Over the last year, the Trump administration has proposed cutting the budget for food assistance, implementing work requirements for able-bodied adults without dependents, and denying benefits to parents who don’t pay child support.
For most of these policies, the official line has been that low-income people who rely on public-benefit programs are a drain on the country’s resources. Just last week, the White House published a memo asking states to enforce rules that make it more difficult for immigrants applying for a green card to receive government assistance, claiming that “rampant welfare abuse by non-citizens is straining the social safety net.” Other policy announcements have emphasized “self-sufficiency” among the country’s poorest citizens.
Aside from the obvious inaccuracies—immigrants use benefits less than native-born citizens; most Supplemental Nutrition Assistance Program participants are working—there’s also new evidence that spending on programs like the ones President Donald Trump wants to cut or restrict can benefit, not harm, the economy.
A report published this week by the United States Department of Agriculture’s Economic Research Service found that increased spending on SNAP under President Barack Obama created more jobs in rural counties. It’s the first county-level analysis of the program’s economic effects, and the results are conclusive: After the Obama administration nearly quadrupled SNAP payments, recipients’ spending at grocery stores helped boost employment.
Increased SNAP Spending Benefited Rural Economies
While participation in other food assistance programs—like the Special Supplemental Nutrition Program for Women, Infants, and Children—has been declining for years, SNAP participation tripled from 2000 to 2013. The new report gives a couple of reasons for this increase: The Great Recession drove more people into unemployment and poverty, federal and state programs promoted participation, and Obama’s stimulus package increased the maximum monthly SNAP payment for a family of four by $80.
In the poorest counties, many of which are rural, the $150 each SNAP family receives on average to buy groceries every month goes a long way: The increase in spending during the Obama administration rippled through rural economies, benefiting the retail, wholesale, and transportation sectors. For every extra $10,000 redeemed in a store that accepts SNAP, the spillover effects in rural counties amounted to one additional job—an impact that’s “greater than the impacts of all federal government spending combined,” the report found.
The Trump Administration’s Changes Would Do the Opposite
Overall, the ERS’s findings suggest that SNAP is not only an effective way to reduce food insecurity, but the program also acts like its own stimulus package. So what would would it mean to cut funds for this program or pursue policies that reduce participation?

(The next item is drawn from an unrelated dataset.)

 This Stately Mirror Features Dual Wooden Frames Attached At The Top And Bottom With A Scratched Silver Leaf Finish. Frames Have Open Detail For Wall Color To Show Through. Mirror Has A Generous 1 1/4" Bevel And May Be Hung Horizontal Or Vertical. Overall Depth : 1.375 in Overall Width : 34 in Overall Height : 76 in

Congressional Budget Office analysis found the president’s proposed work requirements would decrease SNAP spending by $40 billion in the next 10 years. Another report from a progressive think tank, the Center on Budget and Policy Priorities, predicted these cuts would decrease poor Americans’ access to fresh fruit and vegetables and harm SNAP retailers, 80 percent of which are small grocery stores. Ultimately, the analysts wrote last year, these cuts would be “unprecedented and would put families’ basic food security at risk.”

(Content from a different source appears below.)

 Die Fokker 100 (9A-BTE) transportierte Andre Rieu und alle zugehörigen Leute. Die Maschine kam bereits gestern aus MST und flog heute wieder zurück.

Of course, the most direct effect would be on the more than 40 million low-income Americans who rely on SNAP to feed their families. According to many experts and advocates tracking Trump’s recent policies, these restrictions undermine the purpose of the program. “The White House is running a one-way ratchet squeezing the poor [out of government assistance] by changing the rules in program after program,” says Jim Weill, president of the food security non-profit Food Research & Action Center.